Chi si aspetta la secret sauce delle personas rimarrà deluso, perché non esiste. Esiste il giusto mix, dosato bene, “shaked not stirred” direbbe James Bond. E poi quella capacità di vederle venire fuori e prendere vita dai risultati della ricerca.
Non ci credete? Leggete e sappiatemi dire?
Le personas sono i personaggi che elaboriamo come UX designer per sintetizzare la ricerca condotta con gli utenti finali. Questi archetipi servono principalmente per evidenziare i comportamenti che assumono le persone e i loro modelli mentali.
Quando elaboriamo le personas diamo vita a personaggi reali compilando tre differenti aree semantiche:
- le informazioni descrittive
- le informazioni comportamentali
- le informazioni di contesto.
Le informazioni descrittive sono tutte quelle informazioni che raccontano chi è e come è il personaggio: nome, tipologia, foto, età, professione, caratteristiche
Le informazioni comportamentali sono quelle che raccontano come si comporta la persona rispetto al servizio in analisi e non solo, le sue abitudini e i suoi modelli mentali.
Le informazioni di contesto sono informazioni più dettagliate che evidenziano alcuni aspetti della persona più legati al contesto d’uso del servizio.
Queste tre macroaree possono essere dosate e miscelate a seconda del tipo di progetto e costituiscono la struttura informativa più ricca e composita su cui costruire un personaggio. Oggi però sulla necessità di sussistenza di tutte e tre le aree i professionisti si dividono. Non tutti i gli UX designer sono concordi sulla indispensabile coesistenza delle varie sezioni, anzi c’è chi sostiene che alcune aree possano indebolire la credibilità delle altre.

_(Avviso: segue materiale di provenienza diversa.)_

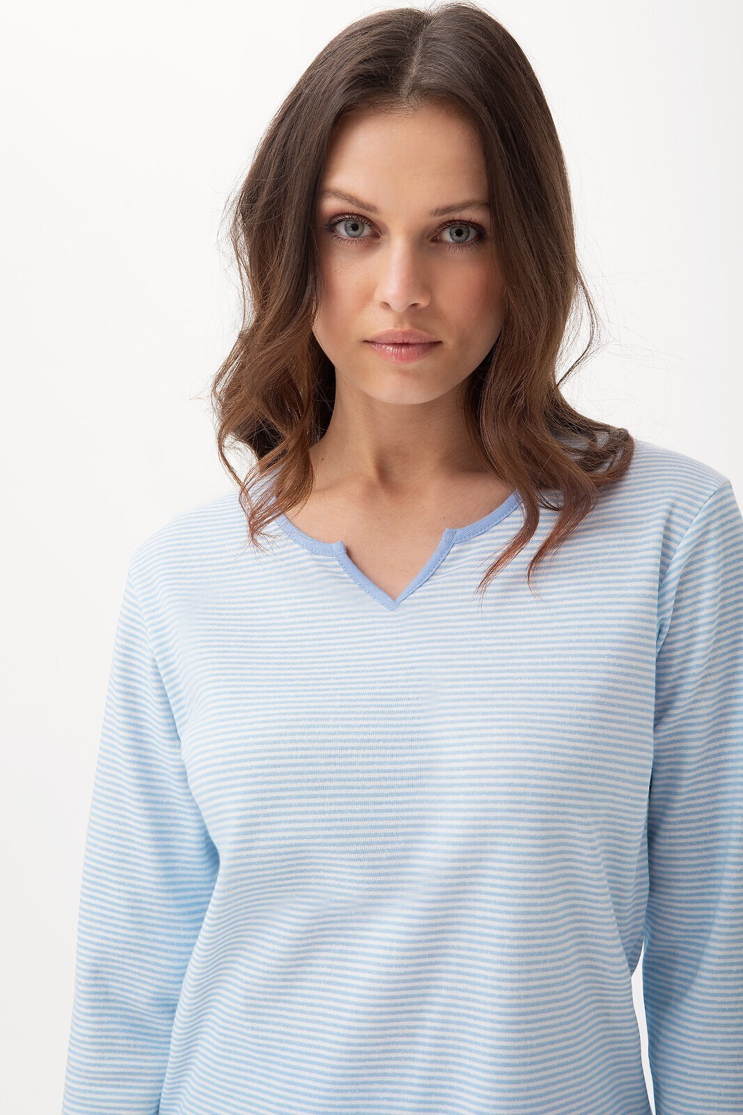 Bawełniana piżama damska- koszulka w paski- długi rękaw- dekolt z efektownym wycięciem- spodnie długie, jednolite číst celé

Prima di addentrarci in questa spinosa foresta valutiamo insieme il seguente esempio nelle sue differenti declinazioni.
- Il caso di Adele
La mia vita non è stata affatto facile. Mia madre mi ha cresciuta da sola e io sono dovuta diventare responsabile presto: andavo a scuola, aiutavo a casa, mi cucinavo da sola e cercavo dei lavoretti per pagarmi una pizza o un’uscita con le amiche. Magra non sono stata mai e ogni difficoltà mi ha sempre portato a riversare sul cibo, il risultato era che più ero triste più mangiavo più ero triste.
Ad un certo punto qualcosa mi ha fatto dire basta e lì accanto a me c’era da sempre la mia amica Lalla che mi ha fatto capire che dovevo interrompere quella catena dolorosa. - Adele
23 anni
studentessa psicologia
Roma
altezza 1.63
peso 91 kg
Adele studia psicologia a Roma con profitto. È sempre stata un’ottima studentessa, ma il suo grande cruccio è sempre stato il peso. Da sempre impegnata in diete estenuanti non è mai riuscita a mantenere i chili persi. La sua famiglia è sempre stata attenta e partecipe rispetto alle sue difficoltà. - L’insicura
Adele, 23 anni, Roma
“Non mi manca la forza di volontà ma a volte scatta qualcosa…”
Per Adele il cibo è un modo per sfogare le sue ansie e le sue paure nei confronti della vita. Pur essendo una studentessa modello si sente spesso inadeguata, questa sua insicurezza è poi aggravata dal peso eccessivo che la fa sentire brutta e indesiderata.
Mangia per lenire il dolore che prova aumentandone le conseguenze che lo alimentano.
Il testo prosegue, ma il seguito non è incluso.